Each country is a different and specific case. General recipes are dangerous, to say the least. But two further elements are common and equally important in all peacebuilding strategies: economic and social development, and national ownership.
Institution building, alone, will not suffice since no country will achieve sustainable peace and stability without economic and social development. Unemployment, especially youth unemployment, must be addressed at an early stage of peacebuilding efforts through concrete, focused initiatives. International economic aid should concentrate on projects that take into account the economic, social and even cultural realities of the country, its specific capacities, and the potential they offer for foreign investment. Adequate management of natural resources should also be instilled early into development programmes, as well as infrastructure reconstruction. Development of national capacities must be a constant objective in all areas.
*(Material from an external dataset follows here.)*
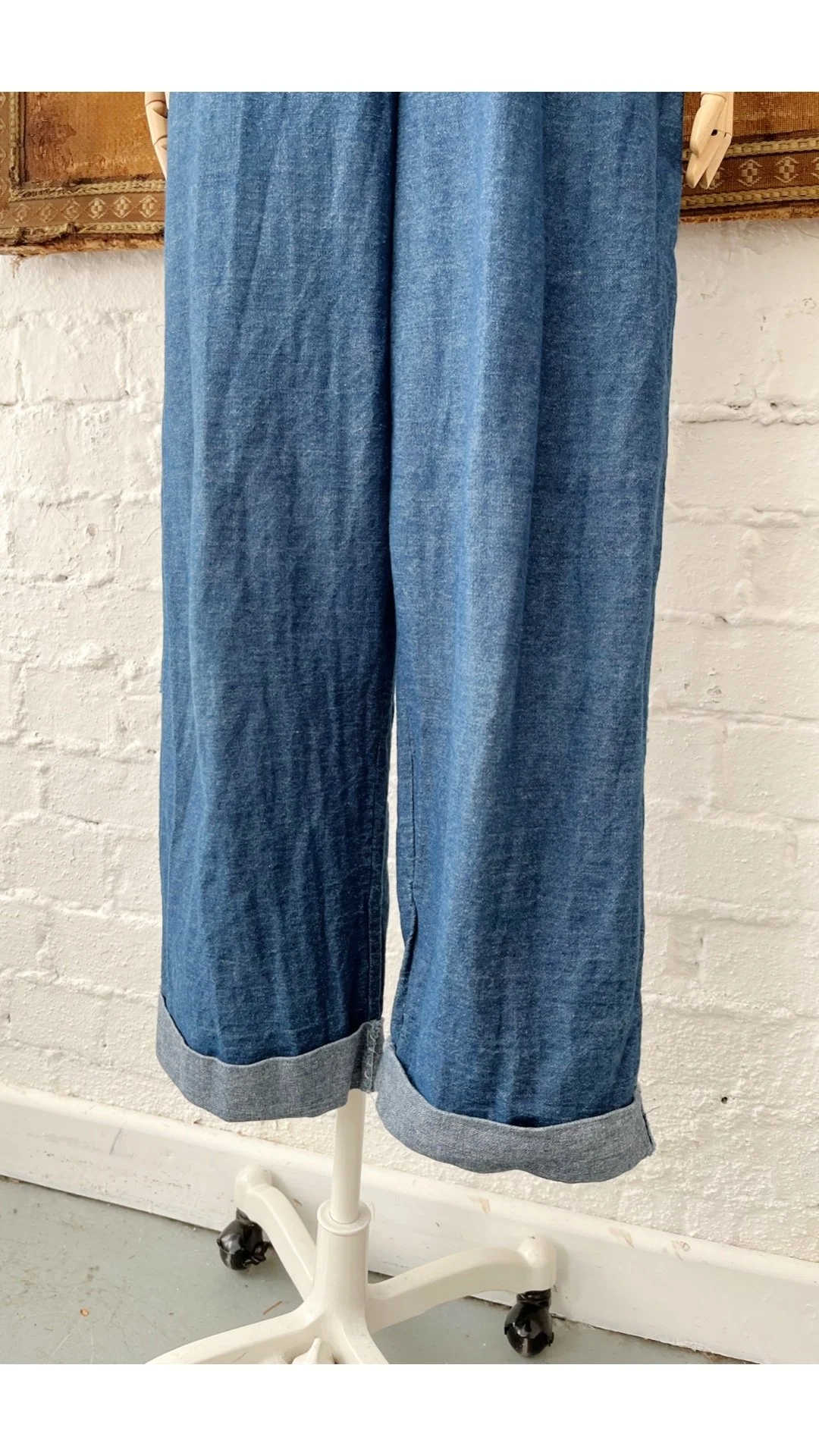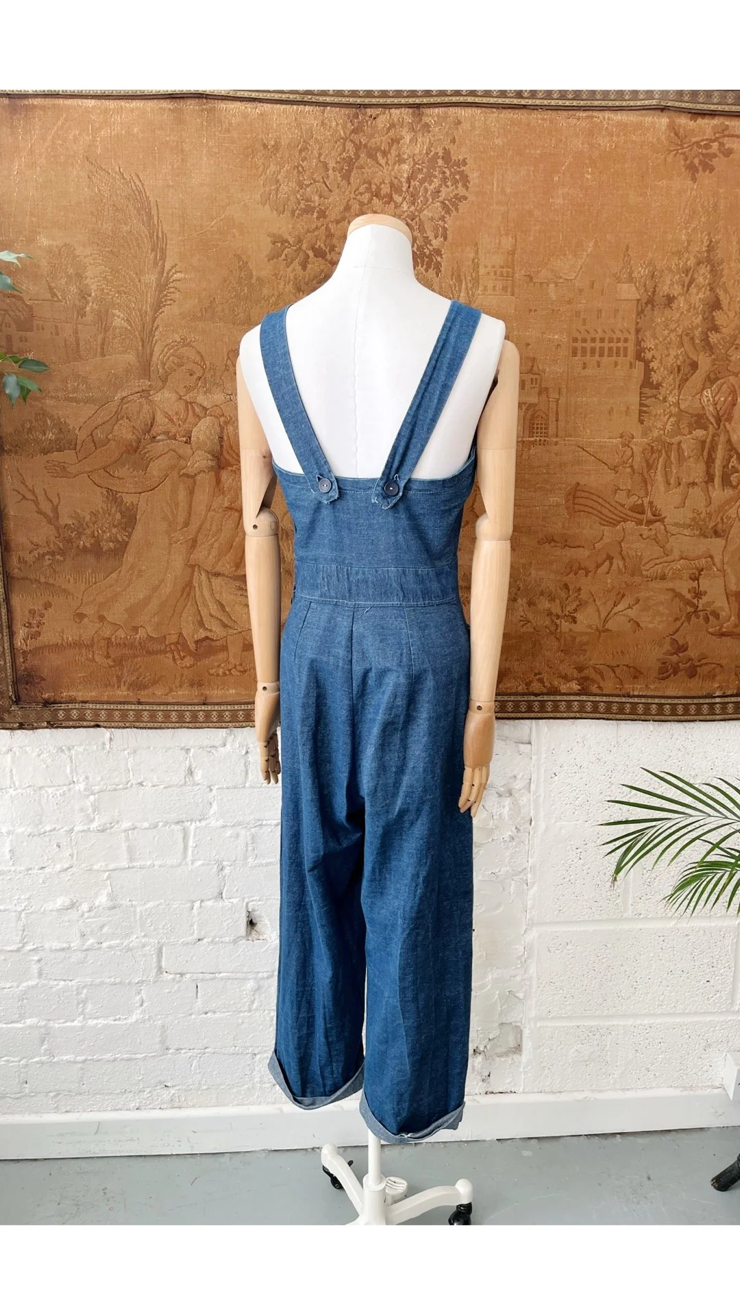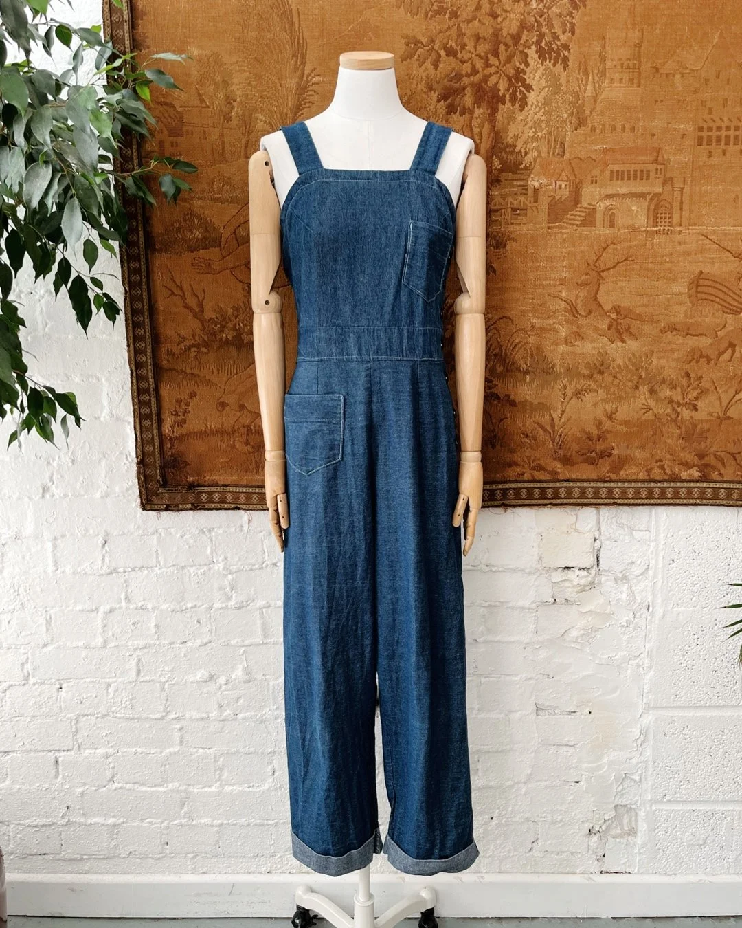 Amazing 1980s handmade dungarees. Lovely soft indigo blue denim in colour. Assymetrical pocket detail to front with chunky straps & button up closure to the side. Wide leg trousers with fold over hem. Size 10-12.

There is an obvious link between development and peace. The nature of this link is perhaps not totally clear nor can one build upon a casual relationship between the two. But they are surely mutually reinforcing.
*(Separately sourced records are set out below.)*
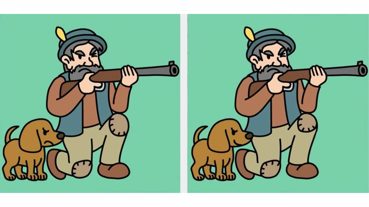 Aqui está a solução para o nosso desafio. As diferenças entre as duas imagens do caçador e seu filhote são sutis, mas observáveis com atenção e foco. Ao analisar as imagens, você pode perceber que as diferenças estão no rifle e no joelho do caçador e na expressão facial do cachorro. Confira: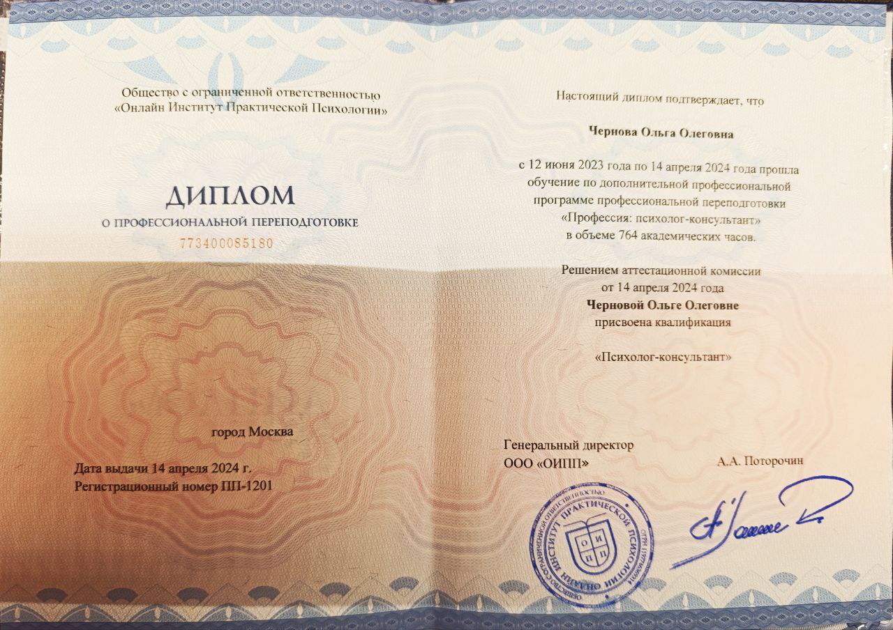 Я Ольга — дипломированный практикующий психолог.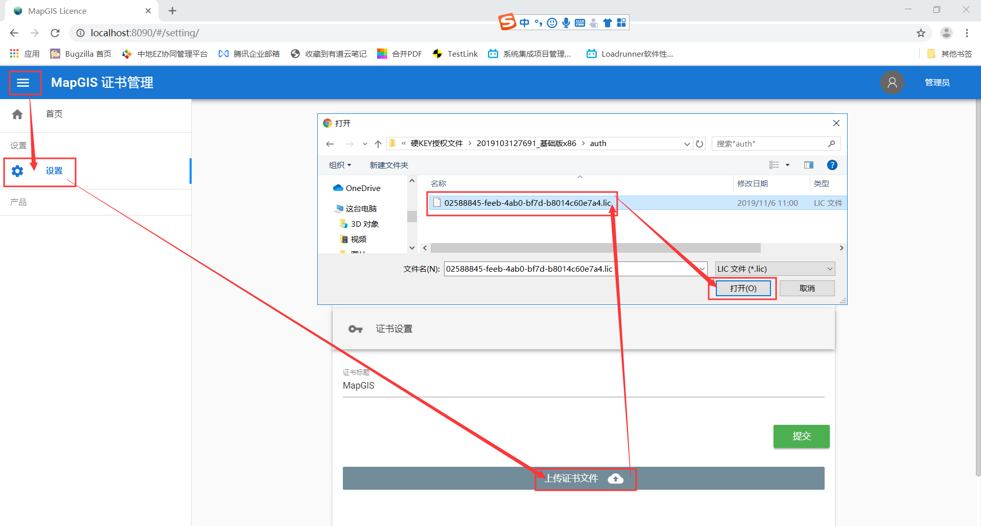 4. 点击MapGIS证书管理左侧按钮,点击设置按钮,进入设置主界面,点击【上传证书文件按钮】,弹出窗口,选择下载的硬狗授权文件,即可加载产品授权信息。

No one can understand better the situation in a country than the people that live there. And no foreign commitment can replace their will. Without it, no peacebuilding effort will be sustainable. The centrality of national actors is therefore indispensable.
The importance of national ownership in post-conflict peacebuilding is well known to us all. The partnership between the State and the international partners must be based on a shared strategic understanding of the objectives and of the way forward, with clear common goals, permanent dialogue and interaction with the people of the country, authorities, opposition parties and the civil society as a whole; and it must include a smooth exit strategy for the international actors. Gender issues and the instrumental role that women play in economic recovery, social cohesion and political legitimacy, expanding the scope of national capacity are also of particular importance.
Peacebuilding, Mr. President, is also an exercise in managing expectations, those of the authorities and the civil society of the country in question, and those of the mission and other international bodies. This can only be attained trough constant dialogue and trough a real grasp of political, social, economic and cultural realities, their dynamics and evolution.
National ownership contributes to institution building, and, on the other hand, institution building reinforces national ownership and national responsibility, thus paving the way for a successful exit strategy of international partners and self-sustained peace and stability.
The European Union has long been committed to supporting institutional development in post-conflict countries. In this regard, as a member of the EU, Portugal naturally shares the position that will be expressed by its representative during this debate.
In concluding, I would like to recall an expression of Sérgio Vieira de Mello’s (who personifies UN’s involvement both is Bosnia and Herzegovina and in Timor-Leste): “the UN is an instrument, a frame, an engine, as dynamic, as conciliatory, as innovative and as successful (as member States) wish it, allow it and make it be.” This is our common challenge and our shared responsibility. Bearing this mind, let me assure you of Portugal’s full commitment to contribute to a more effective and coherent international response to post-conflict peacebuilding.